Why it matters in menopause
• Raises blood pressure — a primary cardiovascular risk factor that increases at menopause
• Increases calcium excretion in urine — relevant for bone density protection
• Worsens fluid retention and bloating
• Most dietary sodium comes from ultra-processed foods not the salt shaker
Rose
"The focus should be on ultra-processed food reduction rather than obsessing over the salt shaker. Most dietary sodium comes from packaged, processed, and restaurant food — not home cooking. Cook from whole ingredients and sodium largely takes care of itself."
What to do instead
Read labels on packaged foods — over 600mg per serving is high. Use herbs, lemon, and vinegar to add flavour rather than salt. Potassium (from vegetables and legumes) partially counteracts sodium blood pressure effects.
⚠️
Crash dieting and severe calorie restriction
Significant impact
Severely counterproductive for menopausal body composition. Extreme calorie restriction triggers cortisol elevation, muscle loss, and metabolic adaptation that makes long-term weight management harder — not easier. The approach that worked in your 30s will not work the same way in menopause.

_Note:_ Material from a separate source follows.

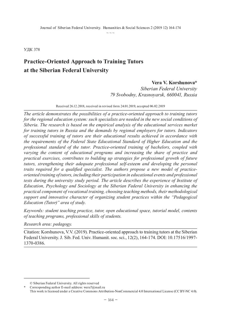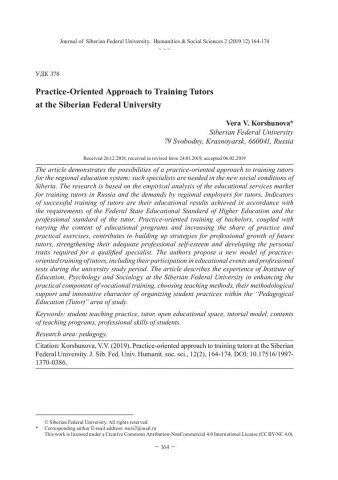 Библиографическое описание:Korshunova, Vera. Practice-Oriented Approach to Training Tutors at the Siberian Federal University = Практико-ориентированный подход к обучению тьюторов в Сибирском федеральном университете / V. V. Korshunova. - Текст : непосредственный // Журнал Сибирского федерального университета. Гуманитарные науки. - 2019. - Т. 12, № 2. - С. 164-174. - Библиогр.: с. 172-174. - ISSN 1997-1370.
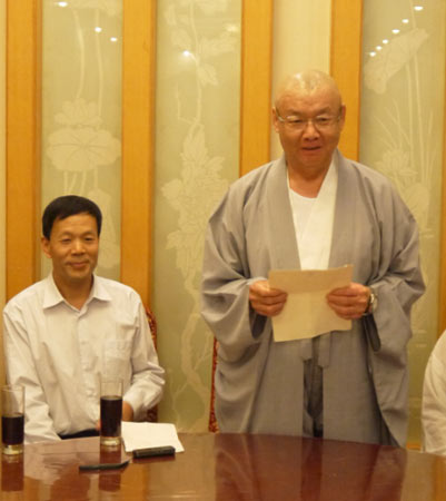 陕西省社会科学院宗教所副所长李继武接着发言,他回想起了五年前作为李利安教授的学生第一次见到彻鸿法师,适逢法师刚来大陆弘法,感觉到法师形单影只,为法师的弘法事业感到担忧。五年时间过去了,今天看到法师这么多的弟子济济一堂,由衷的感到高兴。接下来他说,希望居世界和学术界能有良好的沟通,不能盲目的排斥,要以包容的心态求同存异,秉持理性和包容。过去作为李教授的学生我们是一个单位,现在我在另一个单位,希望能在学术界扩大悟光法师回传密宗的影响,与香港中华密教加强交流合作,为密宗复兴多做些事情。

Why it matters in menopause
• Triggers cortisol elevation — promoting abdominal fat storage, exactly what you are trying to prevent
• Accelerates muscle loss already happening from estrogen decline
• Metabolic adaptation reduces resting metabolic rate — making maintenance harder
• Nutrient deficiencies worsen menopausal symptoms
• Sets up the restrict-binge cycle that worsens insulin resistance
Rose
"The question to ask is not "how do I eat less" but "how do I eat better." More protein, more vegetables, more strength training, less refined carbohydrate — this approach produces body composition changes without the cortisol spike and muscle loss of restriction."
What to do instead
Aim for adequate protein (1.2-1.6g per kg body weight) and strength training 2-3 times per week. This approach builds the metabolic foundation that makes everything else easier.
🫘
Soy in very high amounts (debated)
Individual variation
Whole food soy in normal dietary amounts is beneficial for most menopausal women and well-supported by evidence. Very high supplemental isoflavone intake and heavily processed soy products are a different matter. The distinction matters.
Why it matters in menopause
• Isoflavones in whole food soy bind weakly to estrogen receptors — beneficial in normal amounts
• Very high supplemental isoflavone doses have not been studied for long-term safety
• Heavily processed soy (soy protein isolate, soy protein concentrate) has different properties to whole food soy
• Soy allergy is common and often undiagnosed
Rose
"Whole food soy — edamame, tofu, tempeh, miso — is one of the most evidence-supported foods for menopausal women and Rose recommends it. High-dose isoflavone supplements and processed soy protein products are a different story. Eat the food. Be cautious about the pill."
What to do instead
Two servings of whole food soy daily is a reasonable evidence-based target. If you have a history of hormone-sensitive cancer, discuss soy intake with your oncologist — current evidence generally supports whole food soy but individual situations vary.
The bigger picture
"Perfect eating is not the goal and it is not the point. The point is that you deserve to know when something you enjoy is directly driving symptoms you hate — so you can make an informed choice. Sometimes you will choose the wine anyway. That is fine. But you will know. And knowing is what Rose is for."